I get the feeling that a successful visual language really requires the ability to group multiple primitives into a single visual element (building a chip). I just get the feeling that a lot of visual languages are looking at the implementation of instruction and not programming in the large.
I like the idea and the look of the whole thing but I couldn't figure out how to easily
SELECT * from customers
so... I'm kind of bummed out. The blocks seemed to not stick together. They'd just "island" and sit by themselves. I finally managed to push them together for a "SELECT FROM customers" combination of blocks. But there was a "clause" thing stuck on the screen.
I felt like this should be a really quick thing to do.
The * is hiding under "Tables & Attributes"; choose the yellow box with * in it, then snap it to the end of the SELECT block, then snap the SELECT block on top of a FROM block which has a yellow "customers" block snapped into it. Voila, the "Show SQLCode" button now emits "select * from customers" (FF Beta, macOS)
I got there too after some puzzling. There's not even a distinction between attributes and table names to guide you. I got there by thinking "what would the correct syntax be". Kind of ironic.
I feel exactly the same way, but I guess people really don't want to learn super basic SQL? A solid autocompletion with automatic inventory of tables, foreign keys and indexes makes it easy enough I think.
But I never succesfully converted a business person. Either they were ok to use SQL before, or they will keep wanting to click on buttons.
Very cool. I think it might benefit from some kind of context. If you could select an open piece, it could restrict the available pieces to what's valid at that point.
IntelliJ IDEA Ultimate comes with a diagram functionality based on yFiles, which is quite good and I've used it several times to visualize the current database schema.
Yeah it's pretty OK, it's actually one of the least polished areas of the IDE, I'm amazed no one has devoted serious resources to a tool that can properly reverse engineer a schema and infer relationships giving you a list of "I think X and Y are related, are they?" questions to solve it.
I've inherited so many "interesting" schema's over the years and it feels like archaeology understanding the creators intent.

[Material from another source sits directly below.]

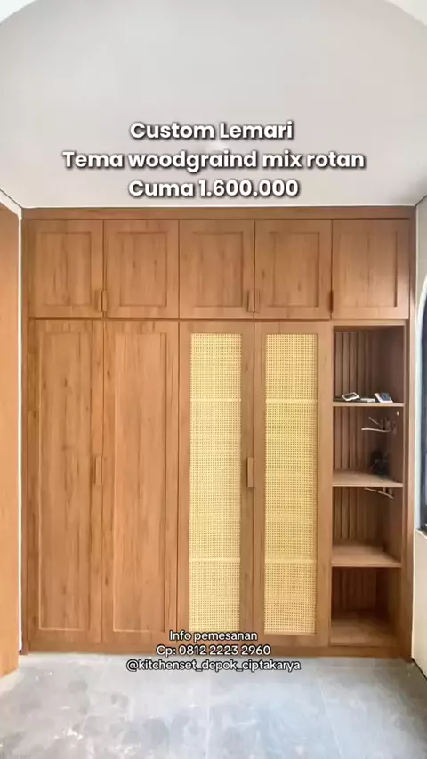 Custom Lemari pakaian tema woodgraind mix rotan cuma 1.6 juta#wardrobe#lemari#lemaripakaian#rotan#foyer#makeover#rumahminimalis
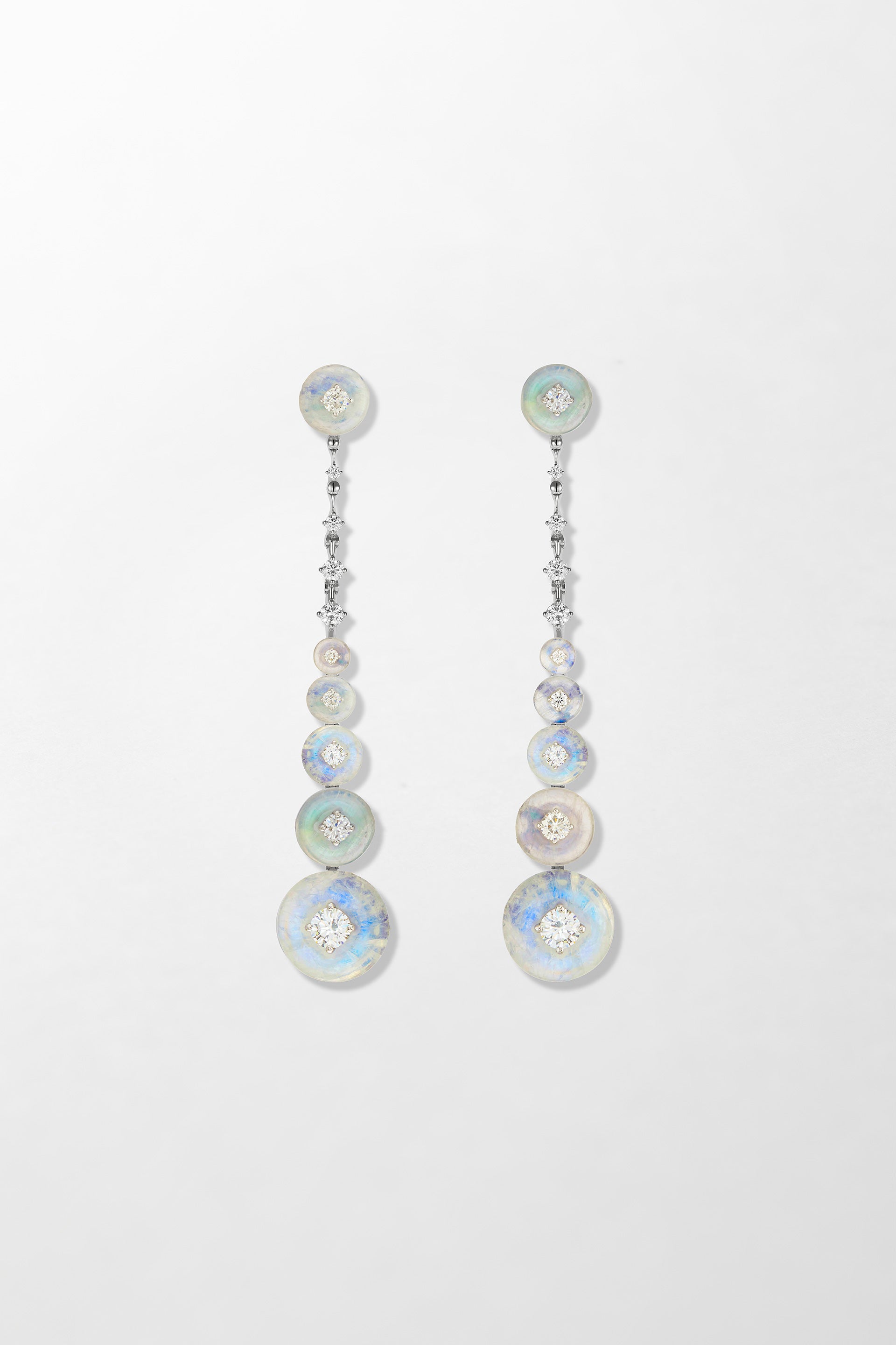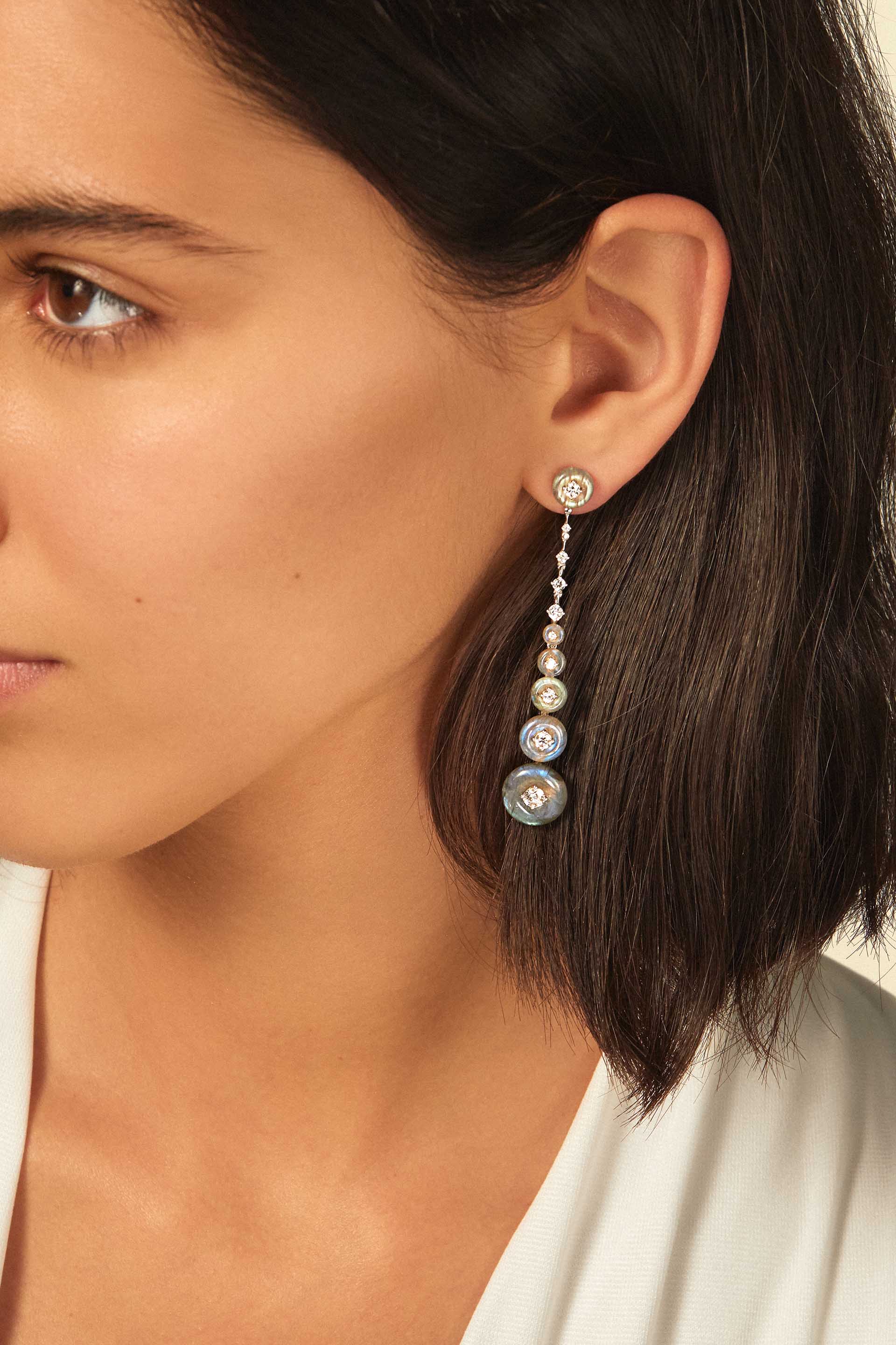 Crafted in 18k white gold and set with 1.52 carats of brilliant cut diamonds with hand-carved moonstone.

I don't think this is exactly what you described, but you may find it valuable: it's a tool that produces a visualization of a postgres query plan https://tatiyants.com/pev/#/plans/new (click "create sample plan" in top right and then "submit" to see an example)
SQLeo[0] is a Java desktop client. You can use it to build SQL statements visually or paste in a SQL statement and get a diagram. Its been around for a long time, don't be fooled by the dated look of the screenshot.
I used to use a tool called FlySpeed SQL Query that had a great quick SQL builder using a UI. This reminds me of it a lot (though it wasn't block based). Great concept!
That's weird, it works for me just fine on this exact version. Try disabling Enhanced Tracking Protection and any JS/ad blocking extensions (it works for me regardless of all that, but anyway).
Our users (researchers) had no problems learning the concepts of querying but didn't want to be bothered learning SQL syntax - hence we built this (also, our system does quite a bit of magic behind the scenes to allow mixing e.g. CSV data with data from a database, and also allows for things not easily done in SQL, e.g. pivot tables, so it's not just SQL).